Bei Verwendung der Methode "MindWalking" zeigen sich beim Auflösen der Spannungsbereiche der Klienten bestimmte transpersonale Standardphänomene. Diese sind: 1. Erinnerungen an Erlebnisse aus den vergangenen Leben des Klienten selbst. - 2. Erinnerung an Erlebnisse aus den vergangenen Leben anderer Menschen (durch telepathische Interaktion unwissentlich "heruntergeladen"). - 3. Telepathische Interaktion "online" mit lebenden Menschen, körperlosen Geistern, Außerirdischen und Wesen aus der "Astralwelt" während der laufenden Sitzung. - 4. Interaktionen des Klienten mit seinem persönlichen morphogenetischen Feld (Vitalfeld) oder dem anderer, seien sie Menschen, Tiere oder Pflanzen. - 5. Erinnerungen an außerkörperliche Erlebnisse, Nah-Tod und Nach-Tod Zustände, ebenso mystische Einsichten in transzendentale Zusammenhänge.

Die Entstehung dieser Phänomene lässt sich damit erklären, dass Menschen als geistige Wesen mentale Energiefelder erzeugen und diese wechselseitig aufeinander einwirken.
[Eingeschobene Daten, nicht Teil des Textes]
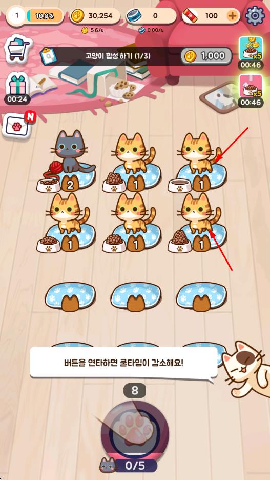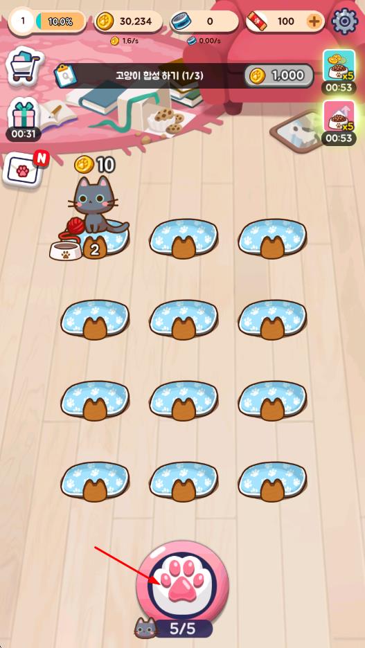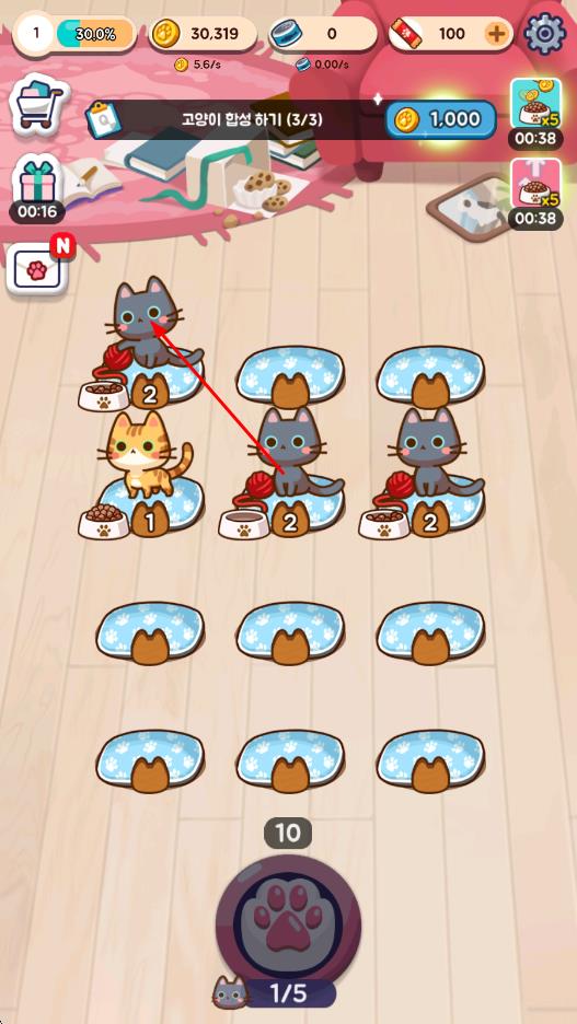 2、与猫咪互动获取爱心值,用爱心值购买饲料和道具,加速猫咪成长与合并效率,解锁更多饲养空间。
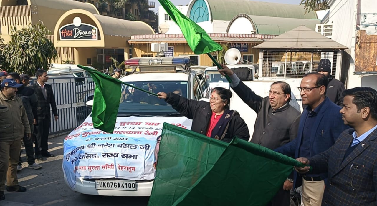 राष्ट्रीय सड़क सुरक्षा माह में सड़क सुरक्षा जागरूकता कार्यक्रम की श्रृंखलाओं में शनिवार को आयोजित सड़क सुरक्षा रैली राज्यसभा सांसद नरेश बंसल द्वारा होटल द्रोण से हरी झण्डी दिखाकर रवाना किया। जागरूकता रैली होटल द्रोण से संभागीय परिवहन विभाग के कार्यालय राजपुर रोड पर समाप्त हो गई। उन्होंने कहा कि सड़क सुरक्षा हेतु जागरूकता की आवश्यकता है, प्रत्येक वर्ष लाखों लोग रैस ड्राईव के कारण दुर्घटना का शिकार होते हैं, लोगों का जीवन बचाने के लिए जागरूकता की आवश्यकता है इसलिए इस रैली का फ्लैग ऑफ किया गया हैै। कहा कि सरकार का यही प्रयास है कि दुर्घटनाओं में 50 प्रतिशत् से अधिक की कमी लाई जाए इसके लिए सड़कों का निर्माण एवं सुरक्षात्मक उपाय अपनाये जा रहे है। आम आदमी को जागरूक होने की आवश्यकता है।

Werden die genannten Phänomene mit vollem Bewusstsein erkannt, so ereignen sich beträchtliche emotionale und somatische Entspannungen, und ein Gefühl der Erleichterung setzt ein.

Fallbeispiele

Die folgenden Beispiele wurden insbesondere deswegen ausgewählt, weil sich die auf Erinnerung beruhenden Aussagen durch Quervergleich mit anderen Datenquellen verifizieren ließen. Die jeweils angegebene Sitzungsdauer bezieht sich nur auf den erwähnten Sitzungsabschnitt (eine vollständige Sitzungssequenz bis zum angestrebten Endresultat würde länger dauern).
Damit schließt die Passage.